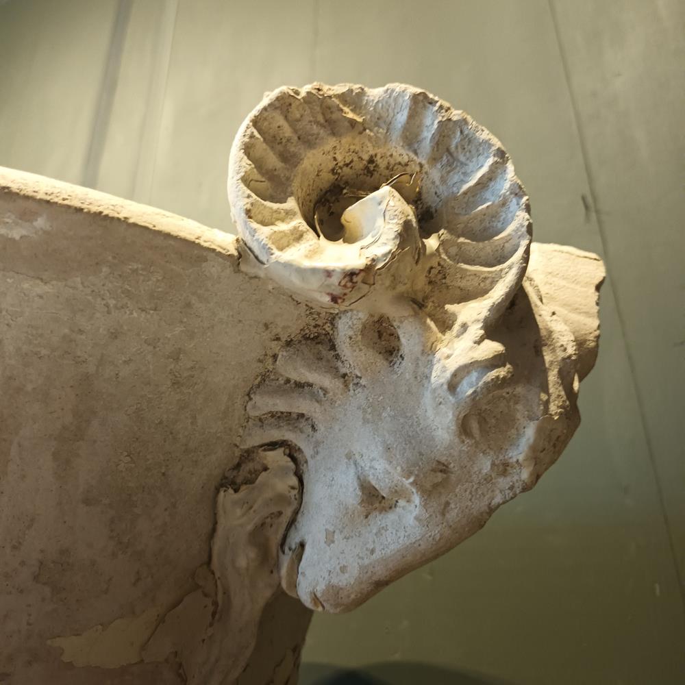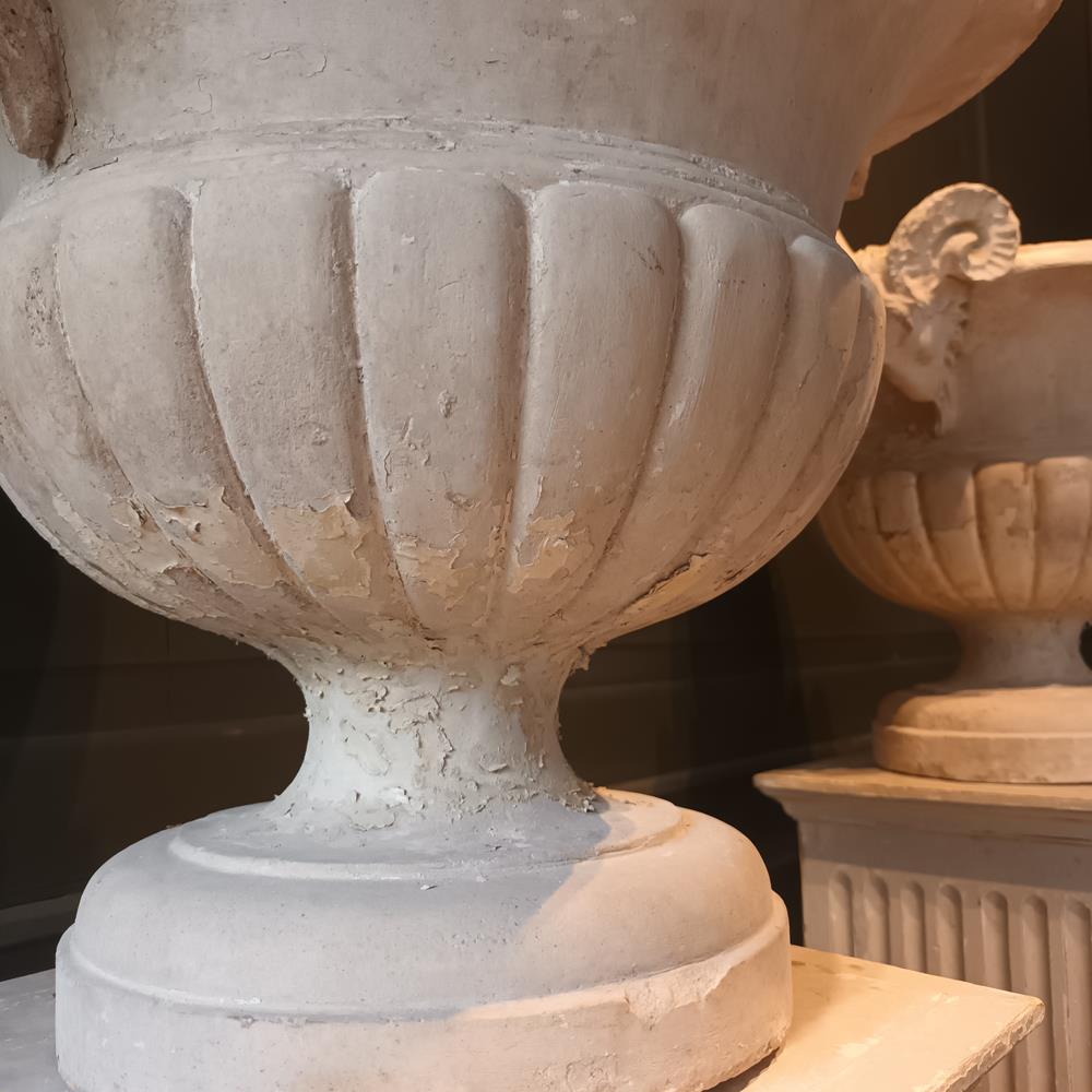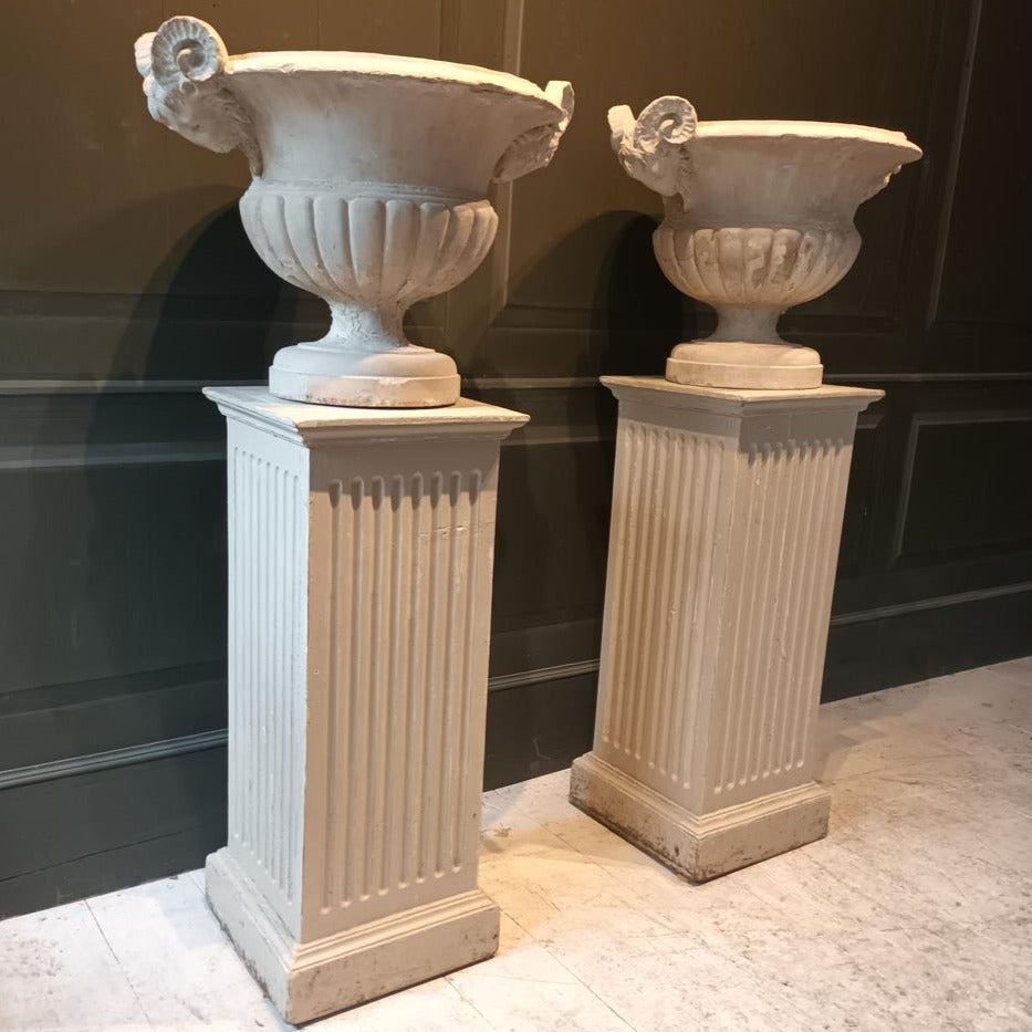 A wonderful pair of 19th Century, French Limestone urns, each finely carved ram's head is bearded and has generously ribbed, curled horns. The gadrooned bowl is supported on a round socle and base. Each urn sits on a free standing, fluted and moulded later oak plinth.
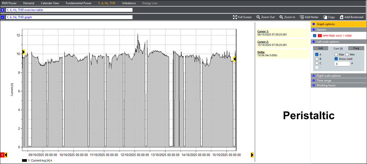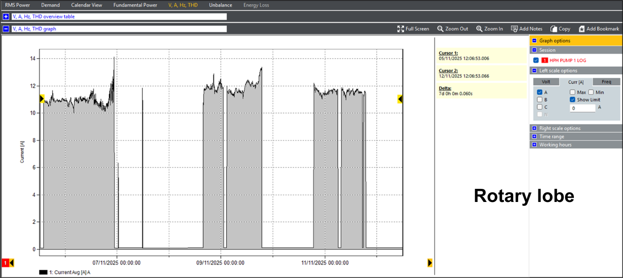 Atlantic Pumps and the water company agreed on a hired trial to put the concept to the test. The client monitored the power consumption of both the lobe pump and the peristatic over 7 days each, using a data logger and software from Fluke.
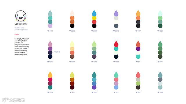 LOL Colors上的每个配色方案都配有网友的点赞数,你可以直接看到哪个方案更受欢迎,让你选择更轻松。
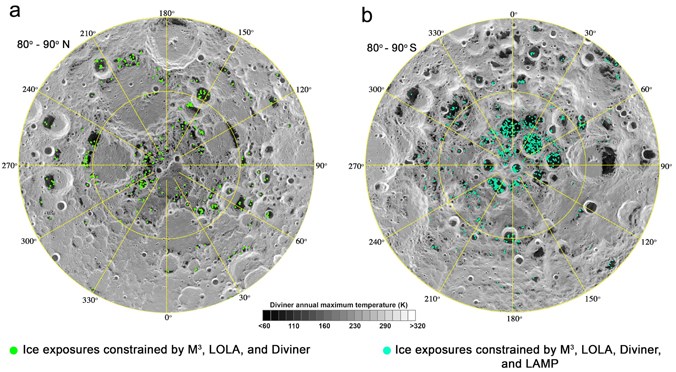 Exposed water ice (green or blue dots) in lunar polar regions and temperature. Credit: Shuai Li
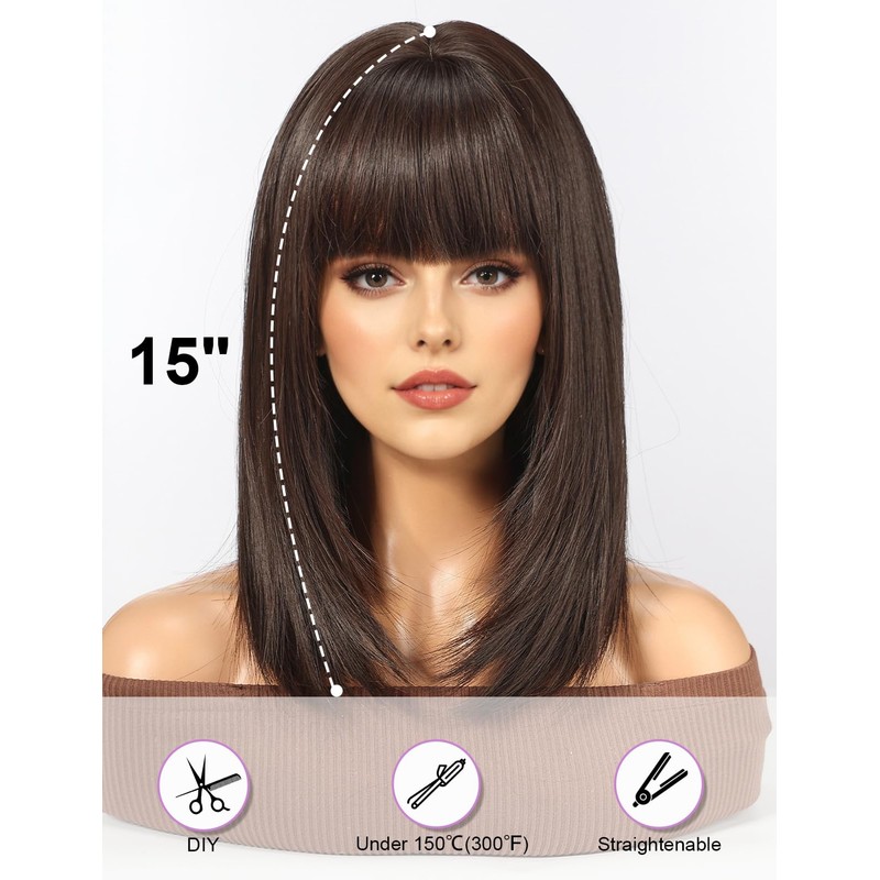 HAIRCUBE Staright Wig with Bangs Synthetic Mid-length Layered Wigs for Women Dark Brown Color
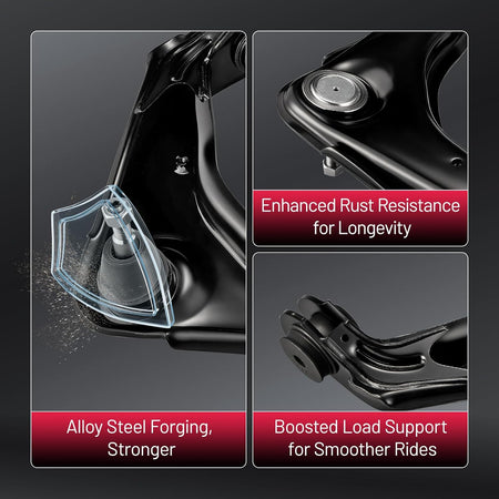 【Control Arm Features】 The control arm improves stability, handling, and driving comfort, with a protective finish that helps extend service life. Made from forged alloy steel, it delivers reliable performance, reduces noise, and ensures accurate fitment for safe and consistent driving
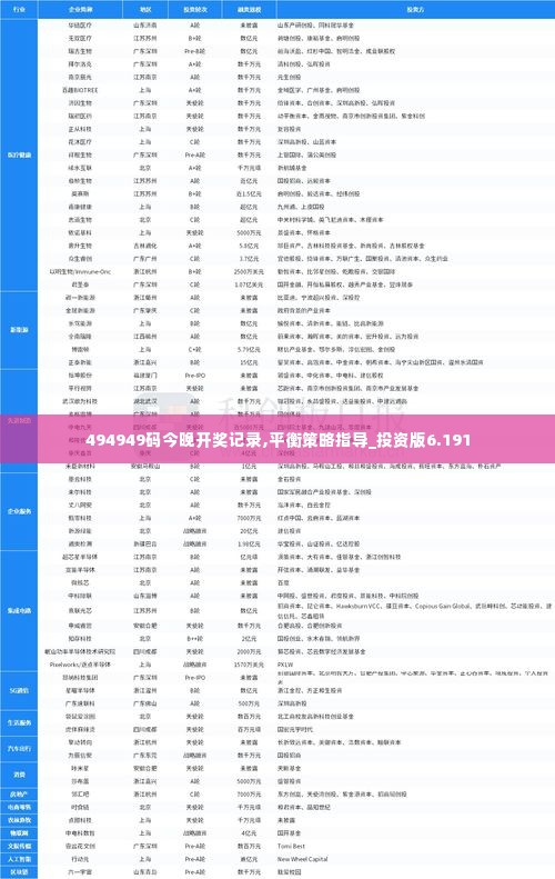 在探讨今晚494949码开奖记录的同时,我们也不能忽视彩票投资中的一个重要概念——平衡策略。平衡策略,或者说均衡投资,是指在投资过程中采取一种多元化的投资手段,以分散风险,增加收益的可能性。对于彩票投资而言,平衡策略意味着不要将所有资金都投入到一组号码或者一种投注方式中,而是根据历史数据和开奖记录,合理分配资金,以期获得更稳定的回报。

+ + + +

Your goal
Once the line with "LOL Colors上的每个" has been found above, output that line and every later line exactly, stopping after the line with "HAIRCUBE Staright Wig", and omit the pictures.

Expected answer
 LOL Colors上的每个配色方案都配有网友的点赞数,你可以直接看到哪个方案更受欢迎,让你选择更轻松。
 Exposed water ice (green or blue dots) in lunar polar regions and temperature. Credit: Shuai Li
 HAIRCUBE Staright Wig with Bangs Synthetic Mid-length Layered Wigs for Women Dark Brown Color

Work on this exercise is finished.